And: "we think C++ developers might find parts of this library interesting in their own right."

I think the key thing is that these are some basic pieces that a lot of FB's internal C++ code depends on. These pieces are being made available as a stepping stone to open sourcing more significant work.

tudorb · on June 3, 2012

I'm Tudor, one of the main folly authors. I wrote format, Arena / ThreadCachedArena, DiscriminatedPtr, GroupVarint, TimeoutQueue, and various other pieces (parts of String.h, ThreadLocal, etc), and I'm pretty well-versed with the entire library so I can reasonably answer questions (or poke the appropriate people to make a HN account and answer). Ask away.

chrisaycock · on June 3, 2012

Not necessarily specific to Folly, but I've wondered why vector classes don't have a "short vector optimization" like string classes do. That is, why don't they store 24 bytes or so in place? Is it because the required iterators would take-up too much space anyway?

tudorb · on June 3, 2012

folly::small_vector does just that (and it lets you use one bit for a mutex, too! -- we have a lot of memory-constrained apps so we had to design data structures for them).

We might unify that with fbvector eventually.

zem · on June 3, 2012

i just attended alexandrescu's talk on some of the optimisations that went into this [rami sayar liveblogged it here: http://ramisayar.com/fb-cpp-conf/]. very interesting and inspiring remarks on instruction-level parallelism [http://en.wikipedia.org/wiki/Instruction_level_parallelism] and ways to help your code achieve it.
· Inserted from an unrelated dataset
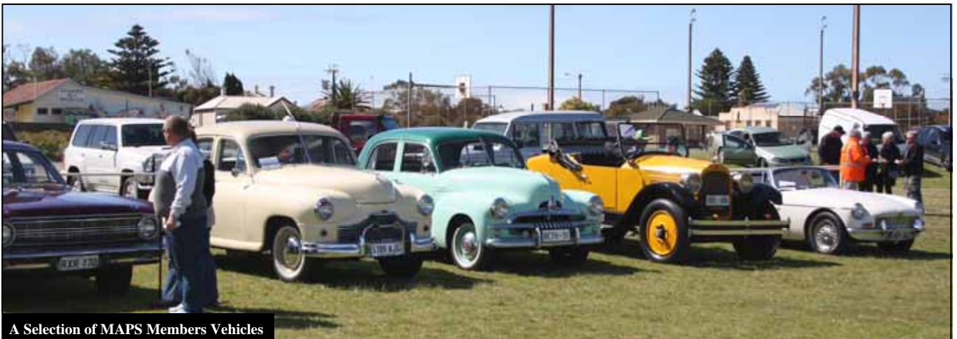
A Selection of MAPS Members Vehicles

cpeterso · on June 3, 2012

I'm surprised they used mixed-case file names when their class names are lowercase. You have to remember both capitalizations. Mixed-case file names can also be problematic when porting to case-insensitive file systems like Windows' or Mac OS X'.

eliben · on June 3, 2012

++ for being nicely documented

saraid216 · on June 3, 2012

I suppose I'll have to be the first to express shock that they decided to name it Folly. I feel like Poe's Law is expressing itself.

andralex · on June 3, 2012

"Folly" started as an internal codename loosely based on "F"acebook "O"pen source "LL"ibrar"Y". When the time to choose an official name arrived, we found "folly" too funny to not use.

tudorb · on June 7, 2012

Now with discussion group: https://groups.google.com/d/forum/facebook-folly

pjmlp · on June 3, 2012

Very nice addition to my C++ toolset.

bearwithclaws · on June 3, 2012

Is the 3 "o" intentional?

bwei · on June 4, 2012

Very nice.

alainbryden · on June 3, 2012

This is a conspiracy theory, but what if there are bugs in it that they can't find and so they're open sourcing it in the hope that someone else will fix it.

oconnore · on June 3, 2012

That isn't a conspiracy, it's one of the major reasons that anyone open sources anything ever.

tudorb · on June 4, 2012

Not the main purpose, obviously, but if you find any bugs, I'll be more than happy to take a look.

ifewalter · on June 3, 2012

i think you're just paranoid